DIRECTIONS => Please set down the data again exactly, minus the pictures.

DATASET EXCERPT =>
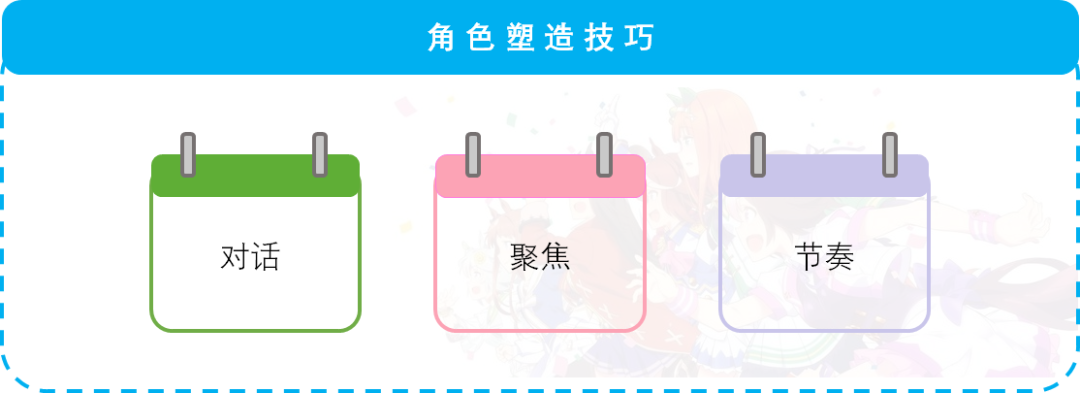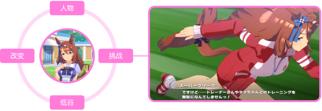 当然,一个角色的可信度,并非由简单的「矛盾&成长」就能构成,还关乎如何将其呈现出来的技巧。在拆解了《赛马娘》的内容结构后,我发现Cygames为此引入了3种漫画、影视行业中常见的创作手法:
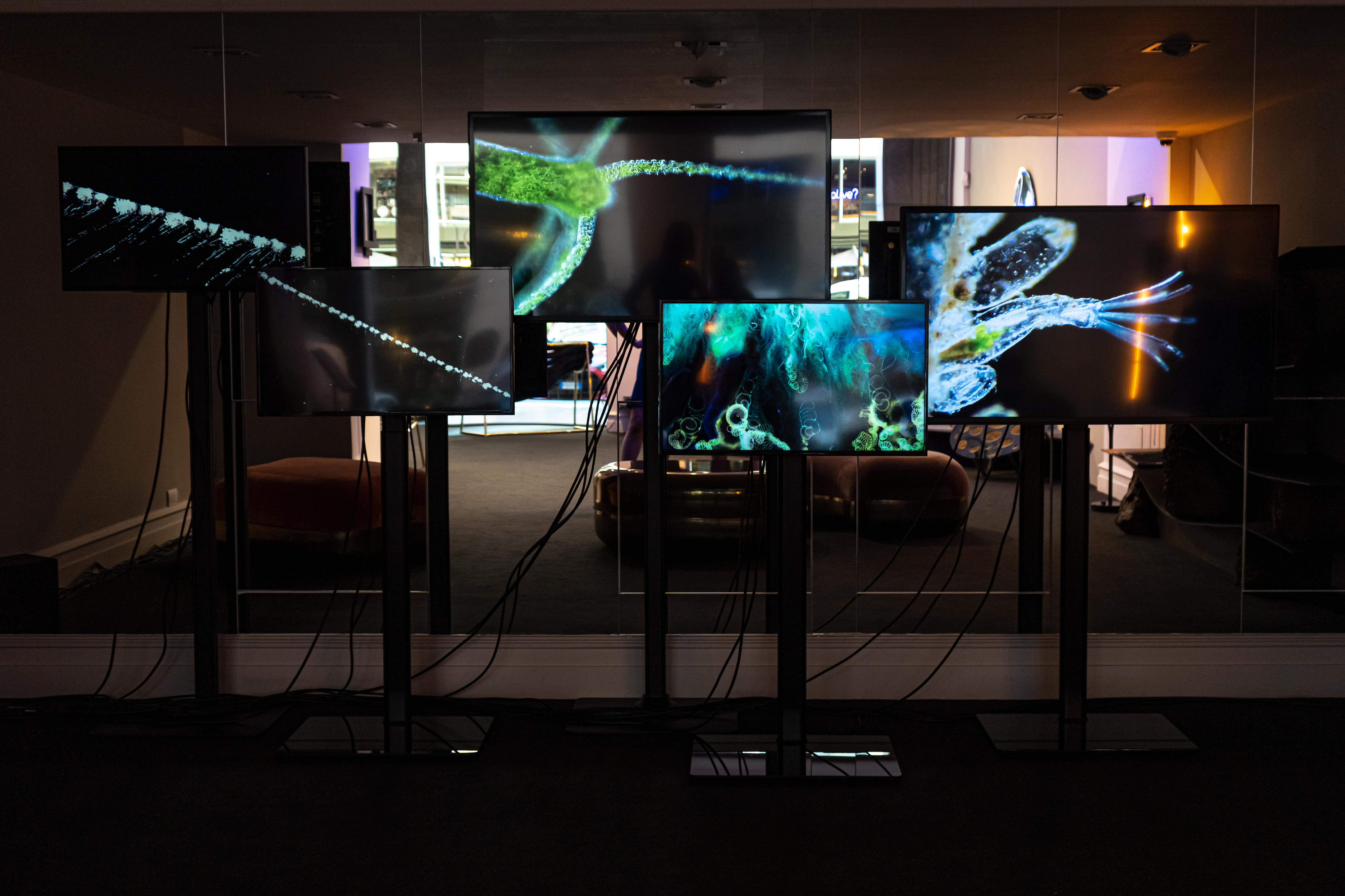 The exhibition ALTERNATE LIFEFORMS organised by CTRLZAK Studio questions the notion of ‘living’ by examining the infinite possible definitions of the concept of ‘life’. The video installation by the Kokoschka Revival collective, in collaboration with artist Thanos Zakopoulos, explores this notion beyond the anthropocentric concept of ‘life’ to reveal the complex intra-actions that occur between inanimate structures and micro-organisms. The installation consists of six wall screens. The videos show unusual life forms such as organisms living in the depths of the ocean, single-celled microorganisms, bacteria and inorganic systems. The six videos are controlled by a synchronised system to create a single visual tableau. This strategy allows for a kind of polyphony that highlights the trajectories in space of these organisms, creating a perceptual illusion of movement between screens. Within this framework, the treatment of the image aims to enhance the fictitious and anti-naturalistic dimension of these ecosystems by questioning the fact that ‘life’ is an exclusively human property. The real-time sonification of the image data (amount of movement, colour) also makes it possible to emphasise the ‘agentic’ dimension of these ‘alternative’ forms of life, whose vitality is also manifested acoustically. In this sense, the sound dimension reinforces the immersive and narrative dimension of the visual dramaturgy.
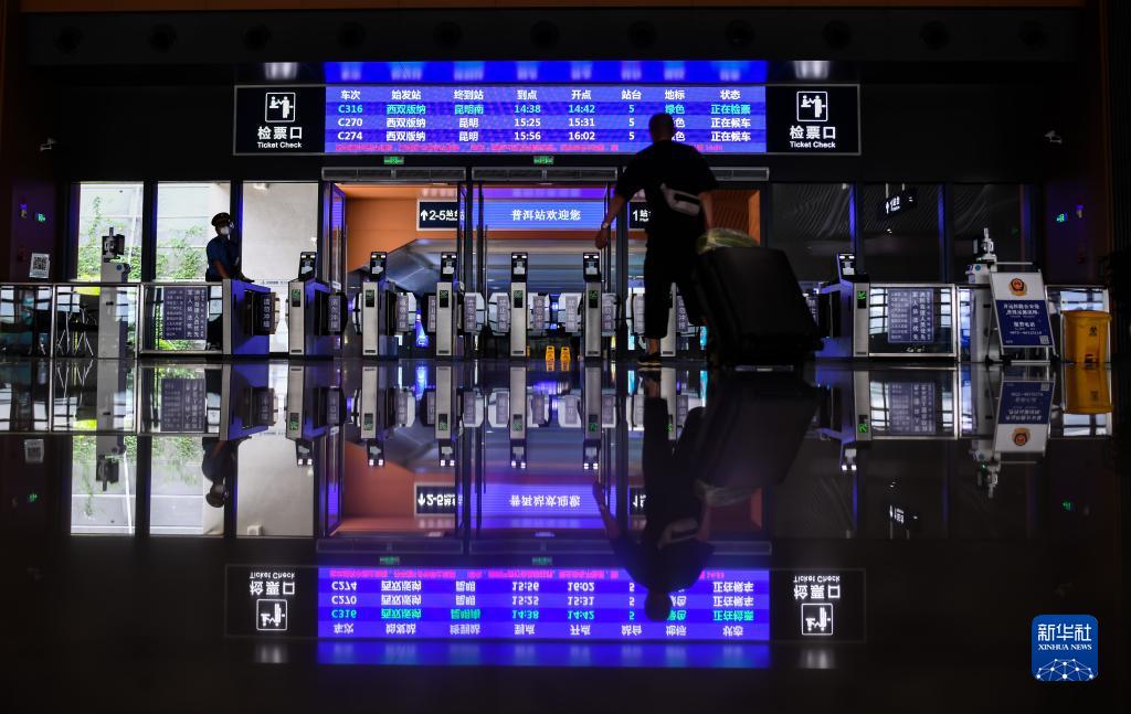 旅客在中老铁路普洱站上车(6月1日摄)。

RESULT OF THIS EXERCISE =>
 当然,一个角色的可信度,并非由简单的「矛盾&成长」就能构成,还关乎如何将其呈现出来的技巧。在拆解了《赛马娘》的内容结构后,我发现Cygames为此引入了3种漫画、影视行业中常见的创作手法:
 The exhibition ALTERNATE LIFEFORMS organised by CTRLZAK Studio questions the notion of ‘living’ by examining the infinite possible definitions of the concept of ‘life’. The video installation by the Kokoschka Revival collective, in collaboration with artist Thanos Zakopoulos, explores this notion beyond the anthropocentric concept of ‘life’ to reveal the complex intra-actions that occur between inanimate structures and micro-organisms. The installation consists of six wall screens. The videos show unusual life forms such as organisms living in the depths of the ocean, single-celled microorganisms, bacteria and inorganic systems. The six videos are controlled by a synchronised system to create a single visual tableau. This strategy allows for a kind of polyphony that highlights the trajectories in space of these organisms, creating a perceptual illusion of movement between screens. Within this framework, the treatment of the image aims to enhance the fictitious and anti-naturalistic dimension of these ecosystems by questioning the fact that ‘life’ is an exclusively human property. The real-time sonification of the image data (amount of movement, colour) also makes it possible to emphasise the ‘agentic’ dimension of these ‘alternative’ forms of life, whose vitality is also manifested acoustically. In this sense, the sound dimension reinforces the immersive and narrative dimension of the visual dramaturgy.
 旅客在中老铁路普洱站上车(6月1日摄)。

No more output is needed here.